I have no idea what exactly happened under the hood.

The only possible reason I could think of is that a write statement may output something like a “record”, and each “record” could not be “touched” by position descriptor “T” in another write statement.

Could you please help me explain this?

A write by default produces a record indeed, so the cursor goes to the next line and the next write starts on that one. Try it with ADVANCE= “NO”.

Various compilers buffered lines in various ways regarding T field descriptors in the past, but the current standard description states the position is relative to the beginning of the output of the current write statement, so the same result should occur with the example. There were still arguments about what a T field at the end of a format should do (is it skipped as it was not required for output, does it position the beginning of the next write statement, …) but most thought that should not solve it either. There are solutions involving writing into an internal file, using ANSI cursor positioning escape functions, using terminfo and termlib interfaces, calling ncurses/curses libraries, GUI libraries, and graphic libraries but some very nice ones have already been done using basic carriage returns for the most part. Several are buried in large collections but one that stands out as a stand-alone package is GitHub - szaghi/forbear: Fortran (progress) B(e)ar envinronment. It would be nice to perhaps have a list on the Fortran Wiki or in @Beliavsky’s lists if not there already. “forbear” would be a nice fpm(1) package but it predates fpm(1). The github page actually includes an animated gif that should convince you it is a very complete implementation quite quickly.

progress bars on github

• forbear
• progress-bar
• progrep

github packages including progress bars

• coretran
• io_utilities
• fortran_utilities

Here is a somewhat more standard way of doing this.

program overwr
   write(*,'(i1)',advance='no') 1
   write(*,'(a,i1)') achar(13), 2
end program overwr

I’ll just add that the $ edit descriptor is non-standard, though it is widely implemented. @urbanjost is correct that the tab stop for the T edit descriptor is relative to the current WRITE.
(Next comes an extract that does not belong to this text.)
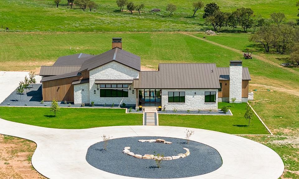 Rare Gem in Fredericksburg. Nestled just 1.5 miles from the vibrant heart of Main Street and outside the city limits, this extraordinary property offers a unique blend of luxury and ranch-style living, with no HOA restrictions, short-term rentals allowed, and additional structures permitted. 4854 SF, set on 3.54 ag-exempt acres, this home boasts serene views of a neighboring cattle farm and is perfectly positioned to enjoy the Southeast breeze from a spacious 24 x 30 motorized screened patio. Thoughtfully designed to complement its lot, this home showcases nearly every luxury you could imagine. Step into a grand double entry foyer leading to an open, light-filled space with features that include 10" French oak flooring, floor to ceiling limestone walls and 200 year old hand-hewn beams. A chef's dream kitchen with limestone floors, cabinet-panel Bosch appliances, double dishwashers, an Italian stove range, honed quartzite countertops - backsplash, toe kick and under-counter lighting, alongside a stylish wine bar for all your Fredericksburg favorites. Wood and stone accents, a butler's pantry, designer-tiled bathrooms, and versatile rooms.

Yeah, T being relative to the WRITE statement got cleared up as there was a very good argument that you would have to not write output till a newline and would need an ability to buffer I/O up to at least the length of the limit for formatted I/O lines; but if the arguments about some of the following were resolved I am not sure what the resolution was. But the 890 example below seems to conform to the standard and lets you stay on the same line using multiple writes with each write being able to start in an earlier column, but then it is unclear whether the line is cleared from the starting point, whether you could would get overprinting on a printer, if all devices can “back up”, …
I will bet you still get different output from different compilers with the following; but most compilers did let you start the output at the beginning of the line with the second write in the “890” example at the end. To “T” or not to “T” is the question.

program dusty_corners
! the WRITE statement output is buffered, NOT the line so T edit descriptor
! is relative to the current WRITE output, not the entire line; or output
! would have to wait till the line (possibly of arbitrary length) was
! completely built. That is, not output could occur till a line advance
! at the earliest.
!
!  so, this will produce "12"
   write(*,'(i1)',advance='no') 1
   write(*,'(t1,i1)')  2
!  T and X "positioning for the next output" is a little more confusing

!  since all arguments are written, is t1 even used?
   write(*,'(i1,t1)',advance='no') 3
   write(*,'(i1)')  4

!  do you think 'THIS IS THE END' should be printed or not?
   write(*,'(i1,"THIS IS THE END")') 5
!  but here YES! But once or twice? On one line or two?
   write(*,'(i1,"THIS IS THE END")',advance='no') 6,7
   write(*,*)

!  here, T1 is inarguably used so using escape character should not be needed.
!  So do you get 890, 80, or 0 with your compiler?
   write(*,'(i1,t1,a)',advance='no') 89,''
   write(*,'(i1)')  0
end program dusty_corners

gfortran got this

*12*
34
5THIS IS THE END
6THIS IS THE END
7THIS IS THE END
0

But the last one stayed on the same line as 89 is gone. Also note calling the NEW_LINE(‘A’) function can be used instead of achar(13) in some of the previous examples, which arguably is clearer.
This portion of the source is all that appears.